**What you should do**
Retype exactly the lines of the listing below from the one with "メッシュでできたウォッシャブルボディバッグ。" through the last, both included, and leave every picture out.

**Supplied material**

....................

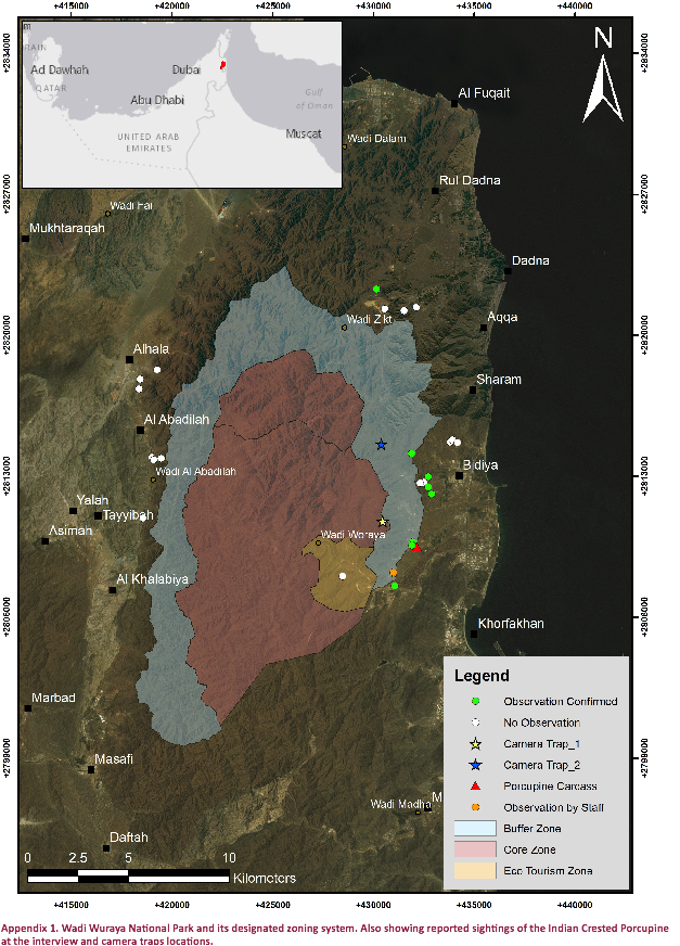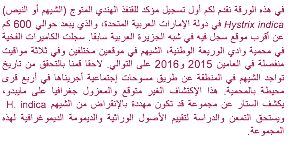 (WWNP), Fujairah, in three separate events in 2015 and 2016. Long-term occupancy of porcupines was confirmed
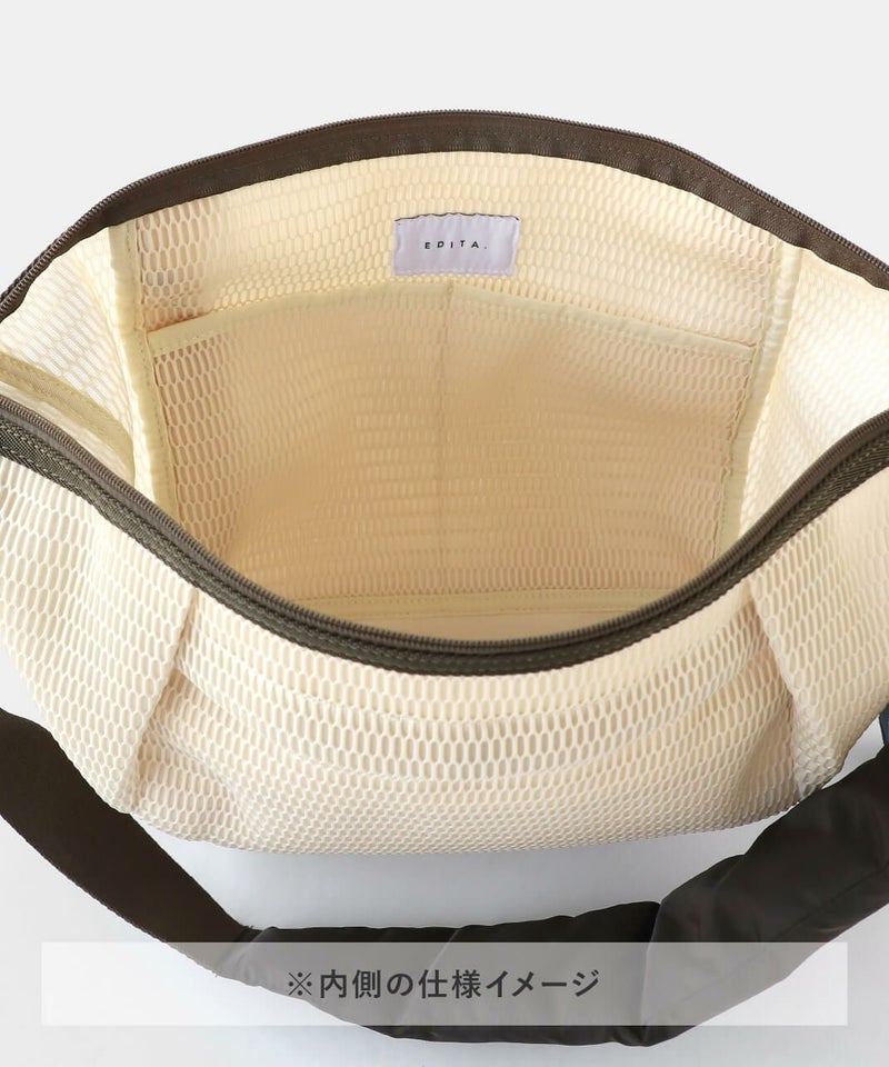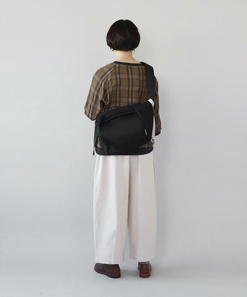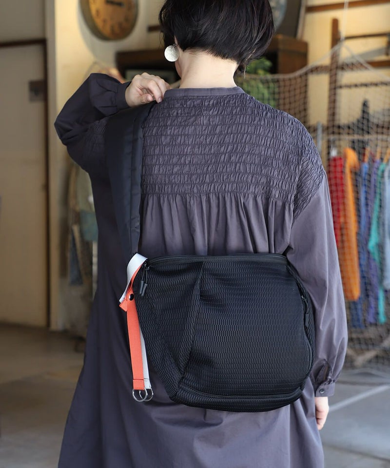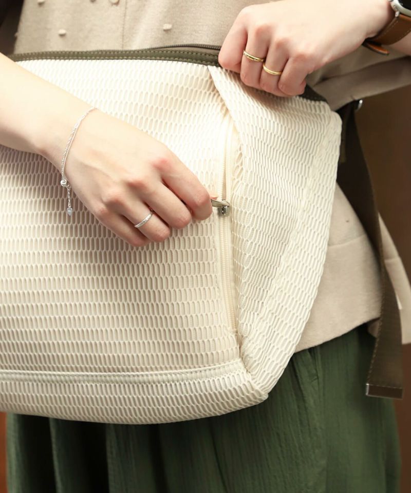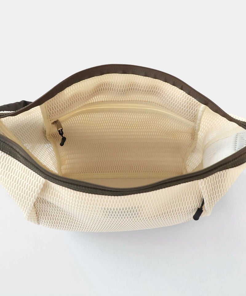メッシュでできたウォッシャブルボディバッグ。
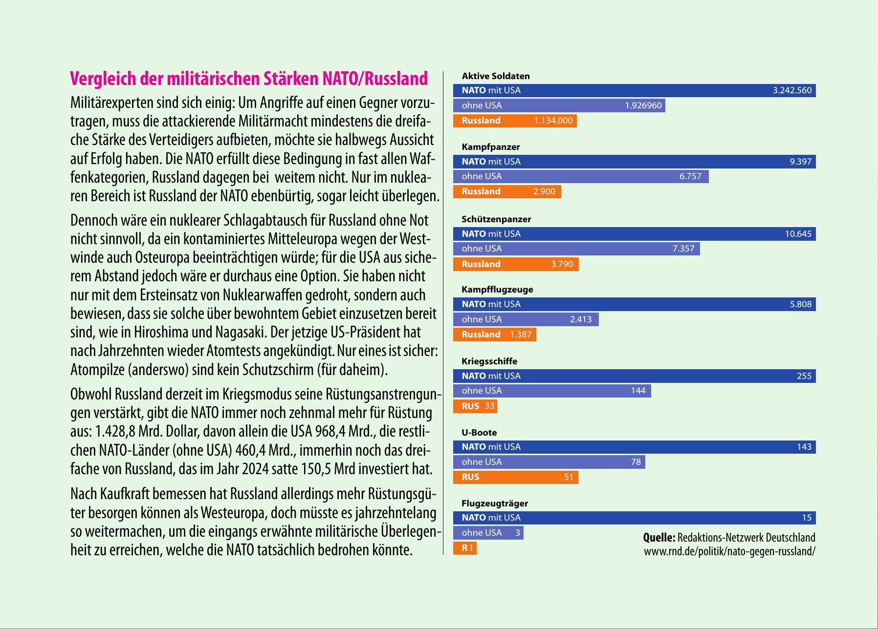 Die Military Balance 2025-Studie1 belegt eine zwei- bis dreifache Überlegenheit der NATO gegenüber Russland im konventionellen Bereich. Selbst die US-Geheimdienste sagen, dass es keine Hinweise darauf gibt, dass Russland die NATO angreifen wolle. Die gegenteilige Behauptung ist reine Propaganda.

....................

**Expected answer**
メッシュでできたウォッシャブルボディバッグ。
 Die Military Balance 2025-Studie1 belegt eine zwei- bis dreifache Überlegenheit der NATO gegenüber Russland im konventionellen Bereich. Selbst die US-Geheimdienste sagen, dass es keine Hinweise darauf gibt, dass Russland die NATO angreifen wolle. Die gegenteilige Behauptung ist reine Propaganda.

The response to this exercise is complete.